The Armenian Foreign Ministry and Rubinian confirmed the report. But they did not specify the dates of Kilic’s visit.
“We will discuss [joint] steps that have been taken to date or steps that are in progress,” Rubinian told reporters on Monday.
According to NTV, Rubinian and Kilic will discuss the implementations of agreements reached by them during several rounds of negotiations held since 2022. Those include an agreement to open the Turkish-Armenian border for Armenian and Turkish diplomatic passport holders as well as citizens of third countries.
Ankara has been reluctant to implement it so far. It has for decades made the opening of the Turkish-Armenian border and establishment of diplomatic relations with Yerevan conditional on a resolution of the Armenian-Azerbaijani conflict acceptable to Azerbaijan.

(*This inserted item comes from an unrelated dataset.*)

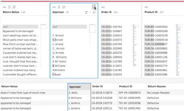 使用智能功能解决常见的数据准备问题。Tableau Prep Builder 采用模糊聚类分析,将重复任务(例如按读音分组)转化为一键式操作。

Rubinian expressed confidence that Armenian-Azerbaijani agreements brokered by the United States last month and welcomed by Turkey will speed up the Turkish-Armenian normalization process. “In this regard, yes, we are optimistic,” he said.
Turkish President Recep Tayyip Erdogan and Armenian Prime Minister Nikol Pashinian met in Istanbul in June. Erdogan said afterwards that Armenia has adopted a “more flexible approach” to Azerbaijan’s Turkish-backed demands for a transit corridor to its Nakhichevan exclave.
Yerevan insisted until then that the transit of people and cargo through Armenia’s strategic Syunik province cannot be exempt from Armenian border controls. Pashinian signaled a softening of this stance after meeting with Azerbaijani President Ilham Aliyev in Abu Dhabi in July.
During the August 8 talks in Washington with Aliyev hosted by U.S. President Donald Trump he accepted a U.S. proposal to have an American company manage traffic through the corridor. Pashinian’s domestic critics accused him of agreeing to open the kind of an extraterritorial corridor that that has been sought by Baku and Ankara.